Exercise brief
Leaving out the pictures, return word for word the stretch of entries below from the line holding "Хвоя мягкая, около" through the line holding "Li NING Wave".

========================================================================

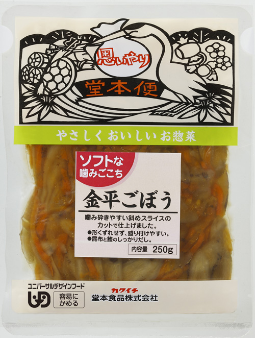 商品一覧乾物・チルド商品佃煮・惣菜ソフトな噛みごこち 金平ごぼう250g 商品コード:1725 乾物 ソフトな噛みごこち 金平ごぼう250g UDF「容易に噛める」 ごぼう、人参 固形量190g 規格・入数 250g・30入 仕入先 堂本食品 佃煮・惣菜一覧へ戻る
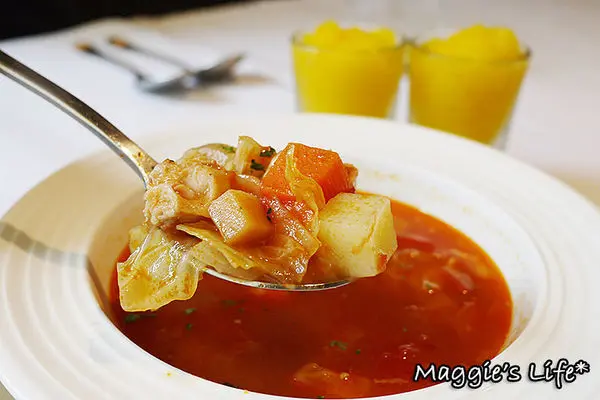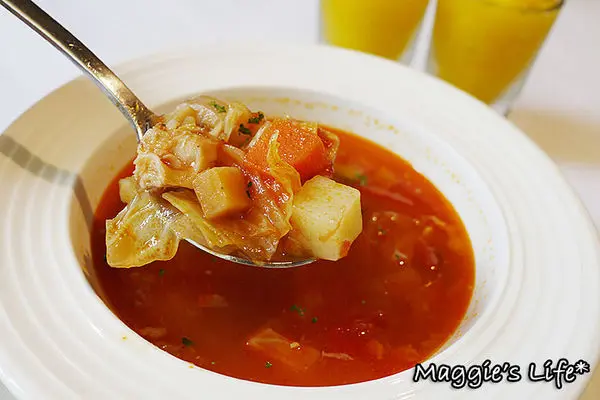 「蕃茄雞肉蔬菜湯」,另有南瓜濃湯可選,我選了比較清爽的蔬菜湯,裡面以蕃茄為基底,搭配紅蘿蔔和白菜、馬鈴薯和雞肉丁,喝起來沒有太濃的蕃茄味,屬於比較清淡的湯品,如果可以再多加點蕃茄的口感會更讓人喜歡。
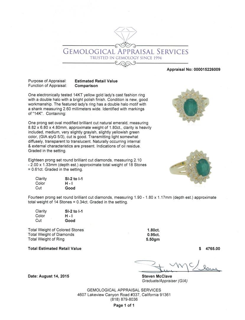One electronically tested 14KT yellow gold lady's cast fashion ring with a double halo with a bright polish finish. The featured lady's ring has a double halo motif with a shank measuring 2.60 millimeters wide. Identified with markings of "14K". Condition is new, good workmanship. Containing: One prong set oval modified brilliant cut natural emerald, measuring 8.82 x 6.80 x 4.80mm, approximate weight of 1.80ct., clarity is heavily included, medium, very slightly grayish, slightly yellowish green color, (GIA slyG 5/3), cut is good. Transmitting light somewhat diffusely, transparent to translucent. Naturally occurring internal & external characteristics are present. Indications of oil residue. Graded in the setting. Eighteen prong set round brilliant cut diamonds, measuring 2.10 - 2.00 x 1.33mm (depth est.) approximate total weight of 18 Stones = 0.61ct. Graded in the setting. Clarity: SI-2 to I-1. Color: H - I. Cut Good Fourteen prong set round brilliant cut diamonds, measuring 1.90 - 1.80 x 1.17mm (depth est.) approximate total weight of 14 Stones = 0.34ct. Graded in the setting. Clarity: SI-2 to I-1. Color: H - I. Cut Good. Total Weight of Colored Stones 1.80ct. Total Weight of Diamonds 0.95ct. Total Weight of Ring 5.50gm. GAS Appraised at $4,765.00.
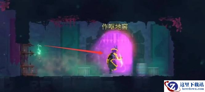 2、到达作呕地窖后,使用武器将如图所示的肿胀眼魔怪物给消灭掉,一共需要消灭它三次。
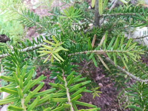 Хвоя мягкая, около 2,5 см в длину, темно-зеленая, блестящая сверху, снизу — с белыми полосками. В ветреную погоду это придает дереву серебристо-белый оттенок.
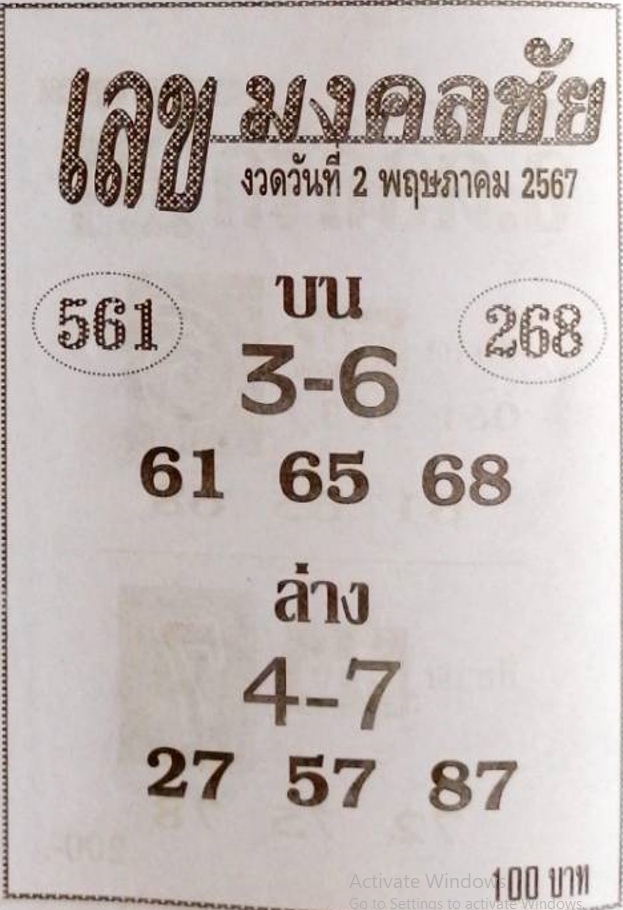 หวยเลขมงคลชัย 2/5/67 แจกเลขเด็ดซองดังฟรี
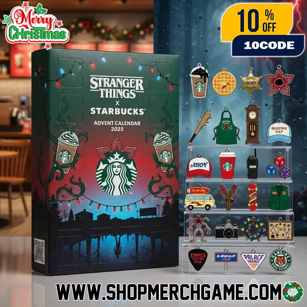 Stranger Things Season 5 x Starbucks Advent Calendar 2025 Ornament Collectible 24 Days Countdown Christmas Holiday Gift Set Blind Box Themed Decorations
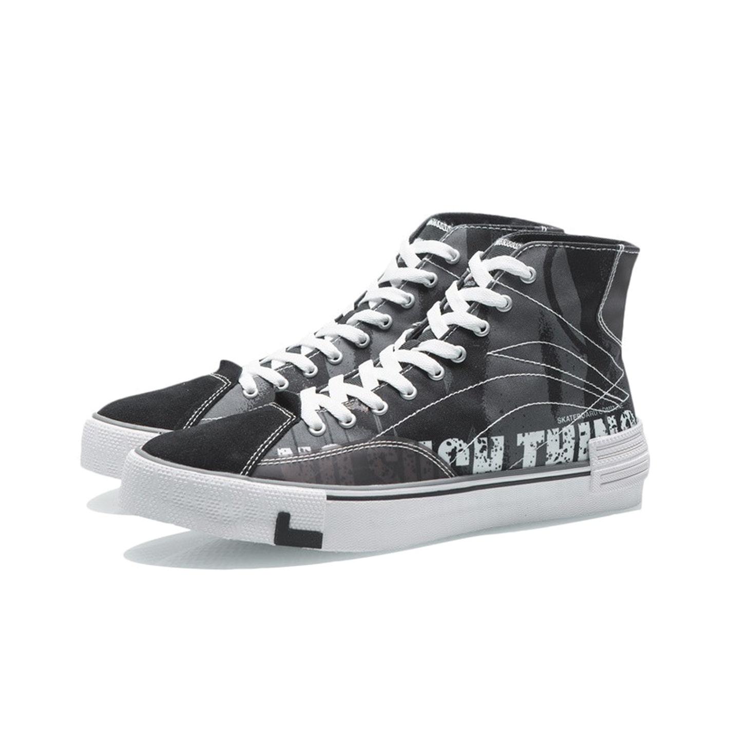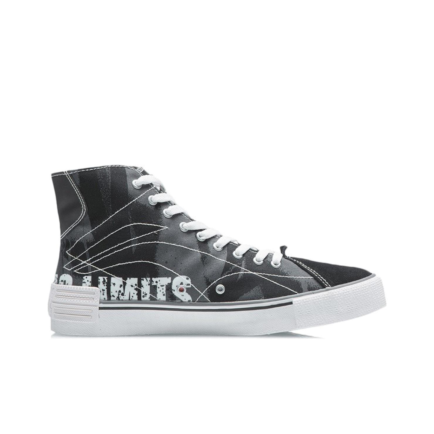 Li NING Wave CANVAS HI Удобная противоскользящая и износостойкая высокая обувь для скейтбординга Мужская Черная
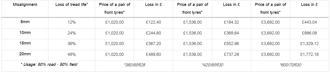 The misalignment of the front wheels of your tractor can seriously affect the life of your tyres, increase fuel consumption, and negatively affect the performance of your tractor. The front wheels of your tractor should be set parallel, with a maximum tolerance of +/- 2mm. If the front wheel alignment is not set correctly the tyres will wear rapidly and unevenly meaning that you will need to replace the tyres much sooner than expected.
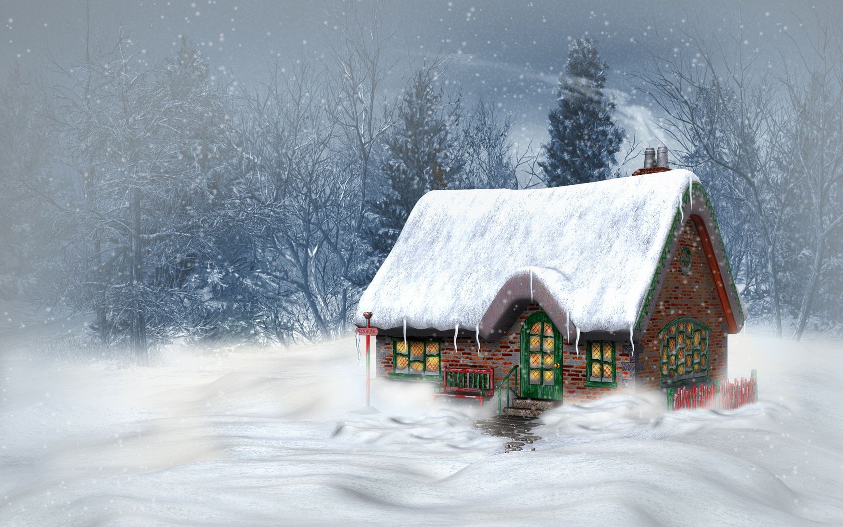 Dibujo de una familia con un perro en el bosque de invierno

========================================================================

Task answer
 Хвоя мягкая, около 2,5 см в длину, темно-зеленая, блестящая сверху, снизу — с белыми полосками. В ветреную погоду это придает дереву серебристо-белый оттенок.
 หวยเลขมงคลชัย 2/5/67 แจกเลขเด็ดซองดังฟรี
 Stranger Things Season 5 x Starbucks Advent Calendar 2025 Ornament Collectible 24 Days Countdown Christmas Holiday Gift Set Blind Box Themed Decorations
 Li NING Wave CANVAS HI Удобная противоскользящая и износостойкая высокая обувь для скейтбординга Мужская Черная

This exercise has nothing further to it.